As we consider systems, we need to consider both how they will work at small scale, and what will break as they scale up. As I've written before, voting for representative is a process which doesn’t scale well. Opponents of ranked choice voting worry that it only works when people understand it and question whether most people can or will. Similarly, those who oppose a UBI are concerned that small-scale experiments don’t tell us what the ‘universal’ aspect will do. When you give everyone in one village a bunch of money, you're raising their relative wealth compared to the next village over. Many experiments in the western world have given money to a subset of people within a geographical location, raising them up above their peers. Money is frequently positional, such as in tight housing markets, where more money just means higher prices for everyone. Giving everyone a lot of money without increasing housing availability may just be handing that money to landlords, not at all what UBI proponents hope for.

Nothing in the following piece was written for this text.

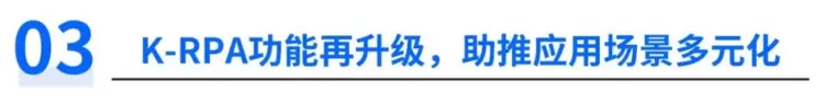 K-RPA此次升级主要包括四个功能:指引式向导、版本隔离、前瞻元素检查、智能录制,全面提升了RPA的多元交互能力、系统的稳定性和可靠性,从而大幅降低用户学习成本,进而改善用户体验。

Another dimension that policies must scale across is time. Econ bloggers frequently discuss how child tax credits throughout the western world have done little to increase fertility, without considering that some of these tax credits haven’t been in place for long. A credit that can reasonably be expected to last a long time will change more behavior than one that faces the potential to be revoked at any point. Similarly, UBI experiments face this challenge: people do different things with gift money than with a raise. Few people rent a more expensive apartment in response to an unusual windfall. Raises induce lifestyle creep because we expect them to continue. A temporary UBI experiment where the participants know or suspect that it is temporary is likely to be treated more like a one-time gift than a raise, but a real UBI program is more likely to be treated as a raise. One major concern many have with legislation by executive order, as has become common in the last few decades, is that it doesn’t provide the stability that legislation by Congress does, since executive orders are easily overturned when the other party wins the Presidency.
Scale Antifragility
Some things work better at large scale than small scale. Money and language are some: the more currencies and languages we have and the fewer people who use any one of them, the less useful they are. We lose something beautiful that humans have invented whenever a language disappears, but those who switch to using a common language gain an enormous network to communicate with.

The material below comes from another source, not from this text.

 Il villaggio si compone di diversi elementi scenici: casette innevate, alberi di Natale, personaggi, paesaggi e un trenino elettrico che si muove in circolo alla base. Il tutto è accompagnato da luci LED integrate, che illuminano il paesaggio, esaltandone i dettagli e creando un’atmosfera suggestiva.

Markets work better at what they’re good at (ignoring externalities, which is perhaps what they’re best at) with larger scale. Economists talk about thick markets (lots of participants) and thin markets (few), and thin markets are much more likely to be “mispriced.”
As we evaluate governance technologies and policies, we should look for those that are better at scale. We should remember that not hundreds of thousands, but millions of people will be using and abusing them if we ever come to rely on them as real parts of our system.